| ASSIGNMENT |
Give again only what runs from the line with "Ao avistar a" to the final line of the entries below, exactly as written and without pictures.
** Opening SUPPLIED DATA block **
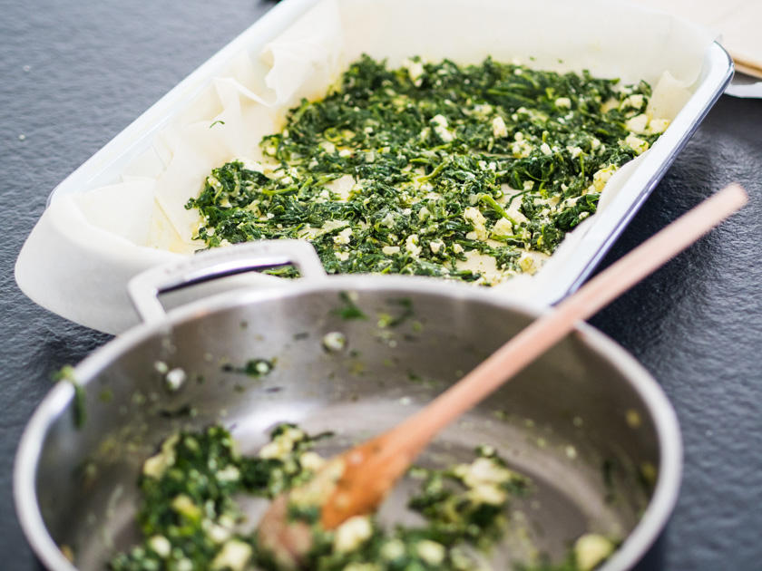 - Danach Feta zur Spinatmasse hinzufügen, einmal durchmischen, kräftig mit Salz, Pfeffer und einer Prise frisch geriebenem Muskat würzen und schon kann man sich ans Schichten machen.
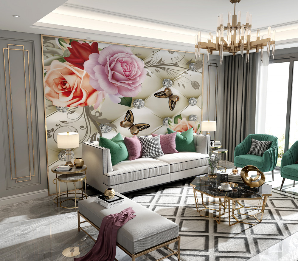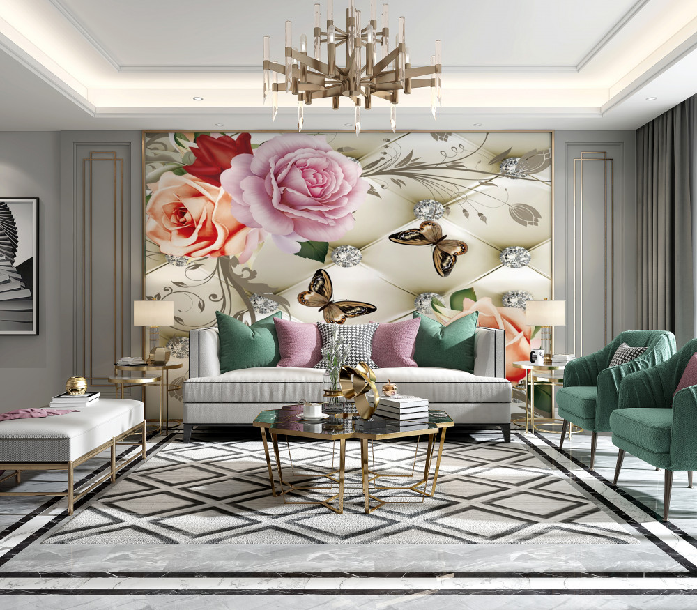 Tapeta Fototapeta motyle na pąkach róż jasne z perłami (artykuł a93585 ) z kategorii Fototapety 3D
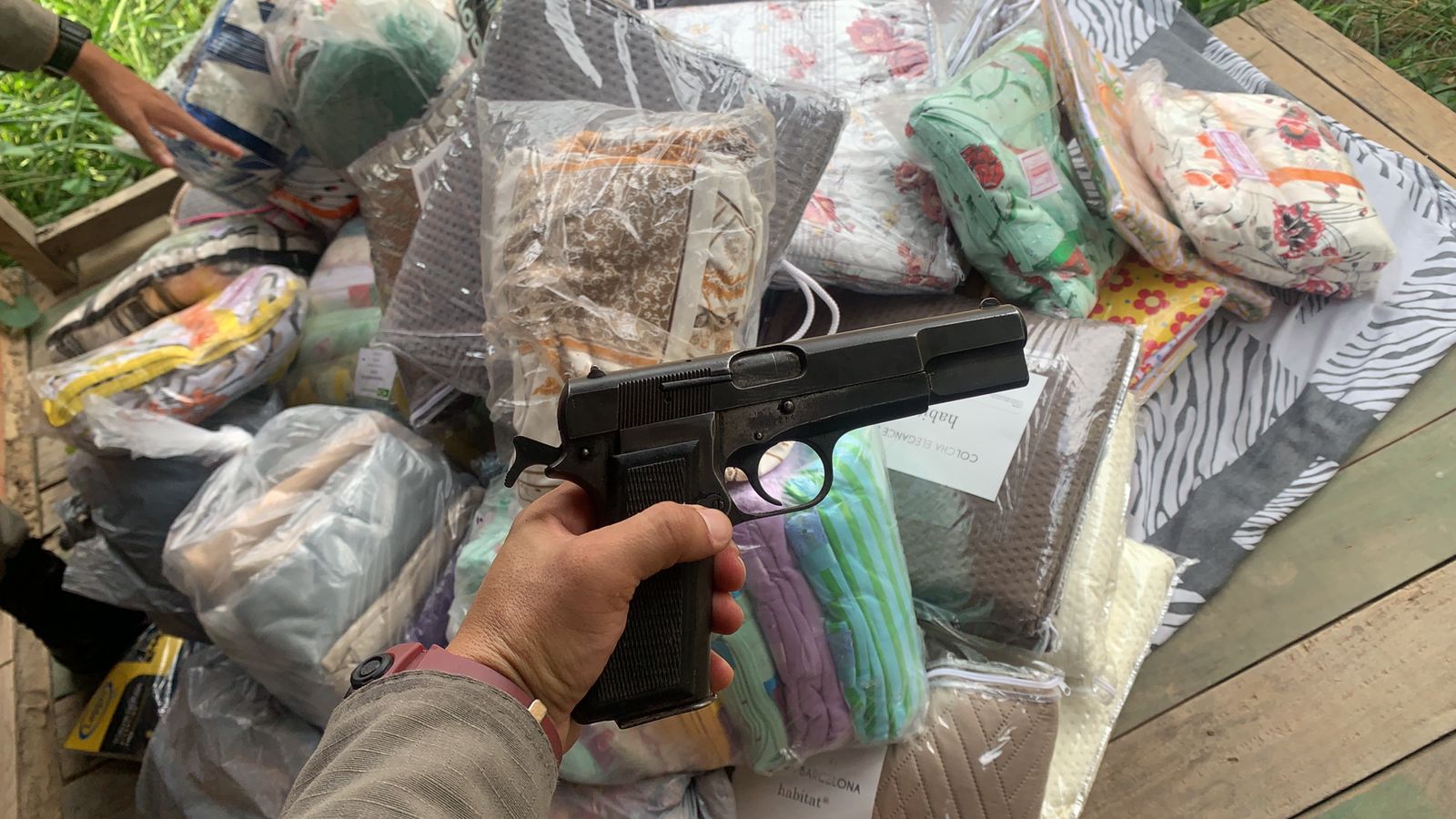 Ao avistar a guarnição, Jhonatan apontou aos PMs uma pistola 9 mm com 13 munições e acabou recebendo cerca de 7 disparos por parte dos militares, mas nenhum acertou o bandido que em seguida se rendeu e teve a arma apreendida.
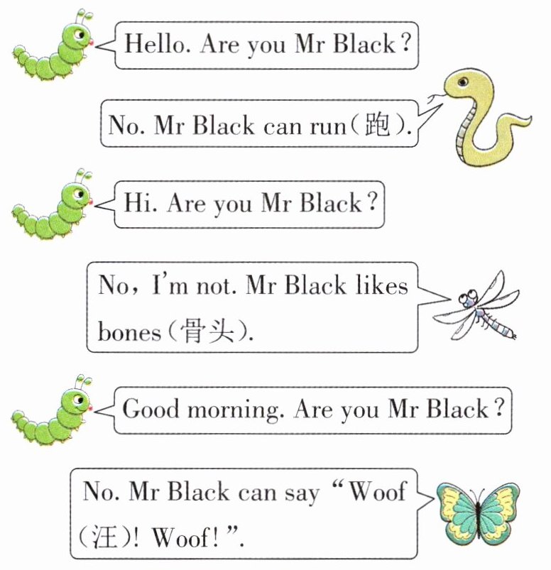 1. T 解析:根据毛毛虫询问“Are you Mr Black?”可知,毛毛在寻找 Mr Black。 2. T 3. F 4. T 5. T 解析:根据 Mr Black 喜欢骨头和会汪汪叫,可知 Mr Black 是一只狗。
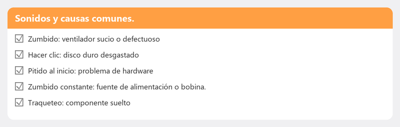 Con sonidos de tictac o clic (disco duro), pitidos continuos al inicio (fallo de hardware) o un sonido de traqueteo que no ha escuchado antes. Comience siempre con una copia de seguridad.
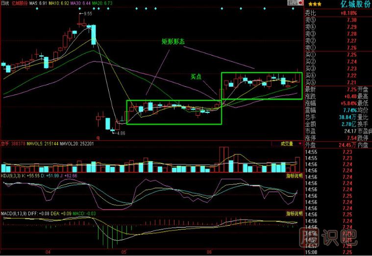 億城股份(000616)經(jīng)典矩形K線形態(tài)(疊形)示意圖
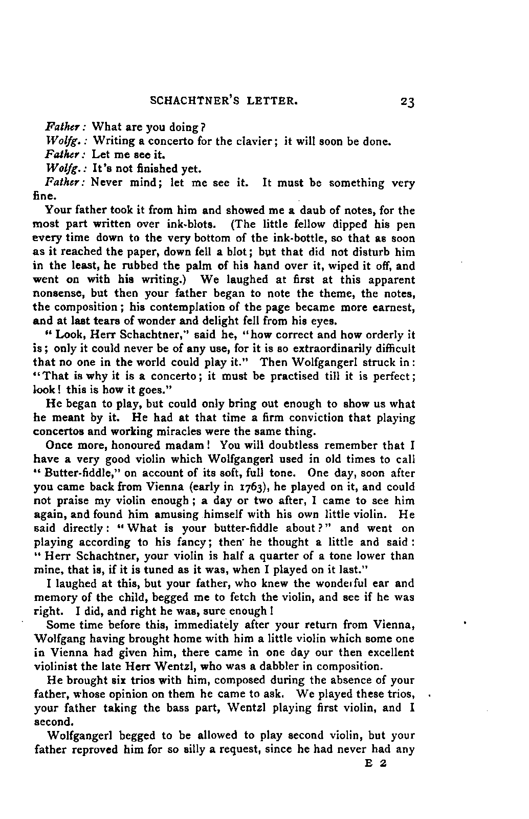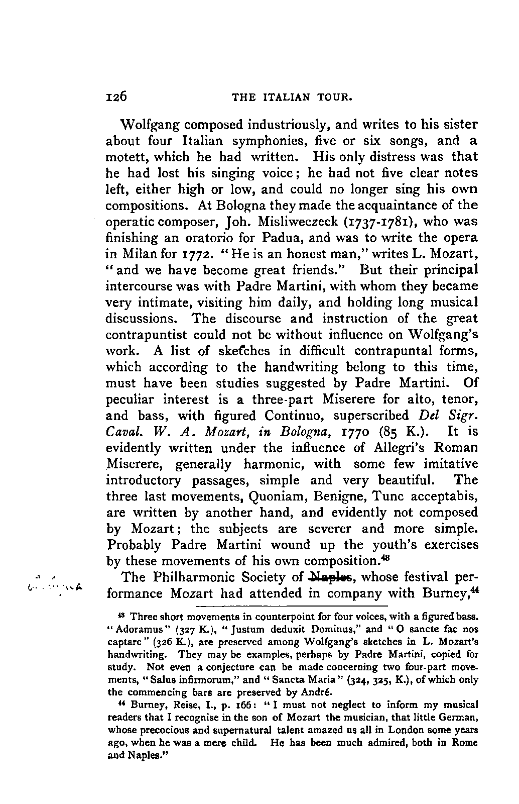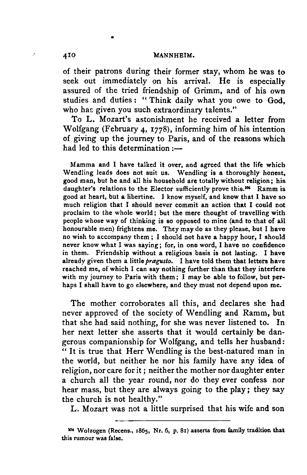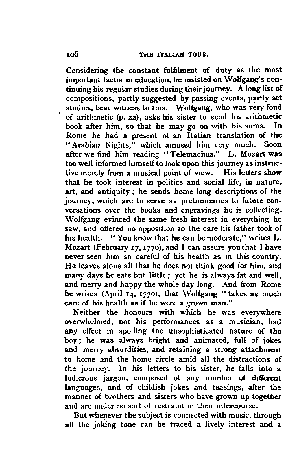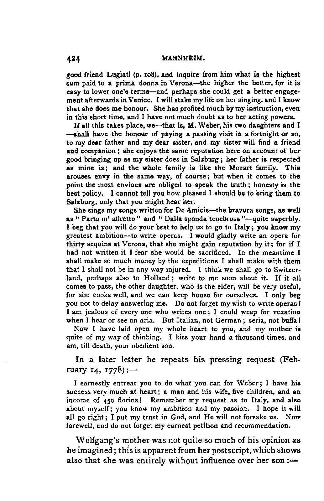 I must remark, by the way, that my version cannot be verified by Nissen, since his is neither accurate nor entire; and in order to avoid any misunderstanding, I may also mention, that besides the collections referred to above, many single letters of Leopold and Wolfgang Mozart have come to hand, to which I was able to make more exact reference. As a matter of course, I have made use of originals whenever they were to be had, and of Nissen's version only when they were wanting. From you, my dear friend, I need only request confidence in my scrupulous honesty as to these matters, and I have hope that my book may inspire the reader with a belief in the accuracy of my rendering. It need scarcely be said that I have not made the slightest alteration in the style and expressions of the letters. I have only taken a few liberties with the orthography in order not to distract the reader's attention unnecessarily from the characterisation. I have accurately indicated any reference to authorities other than the letters.
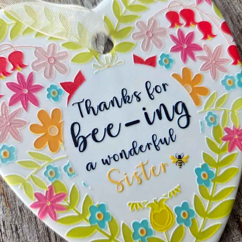 A cute hanging heart bee ornament that makes the perfect little gift idea for your sister.
** Closing SUPPLIED DATA block **
| EXERCISE ANSWER |
 Ao avistar a guarnição, Jhonatan apontou aos PMs uma pistola 9 mm com 13 munições e acabou recebendo cerca de 7 disparos por parte dos militares, mas nenhum acertou o bandido que em seguida se rendeu e teve a arma apreendida.
 1. T 解析:根据毛毛虫询问“Are you Mr Black?”可知,毛毛在寻找 Mr Black。 2. T 3. F 4. T 5. T 解析:根据 Mr Black 喜欢骨头和会汪汪叫,可知 Mr Black 是一只狗。
 Con sonidos de tictac o clic (disco duro), pitidos continuos al inicio (fallo de hardware) o un sonido de traqueteo que no ha escuchado antes. Comience siempre con una copia de seguridad.
 億城股份(000616)經(jīng)典矩形K線形態(tài)(疊形)示意圖
 I must remark, by the way, that my version cannot be verified by Nissen, since his is neither accurate nor entire; and in order to avoid any misunderstanding, I may also mention, that besides the collections referred to above, many single letters of Leopold and Wolfgang Mozart have come to hand, to which I was able to make more exact reference. As a matter of course, I have made use of originals whenever they were to be had, and of Nissen's version only when they were wanting. From you, my dear friend, I need only request confidence in my scrupulous honesty as to these matters, and I have hope that my book may inspire the reader with a belief in the accuracy of my rendering. It need scarcely be said that I have not made the slightest alteration in the style and expressions of the letters. I have only taken a few liberties with the orthography in order not to distract the reader's attention unnecessarily from the characterisation. I have accurately indicated any reference to authorities other than the letters.
 A cute hanging heart bee ornament that makes the perfect little gift idea for your sister.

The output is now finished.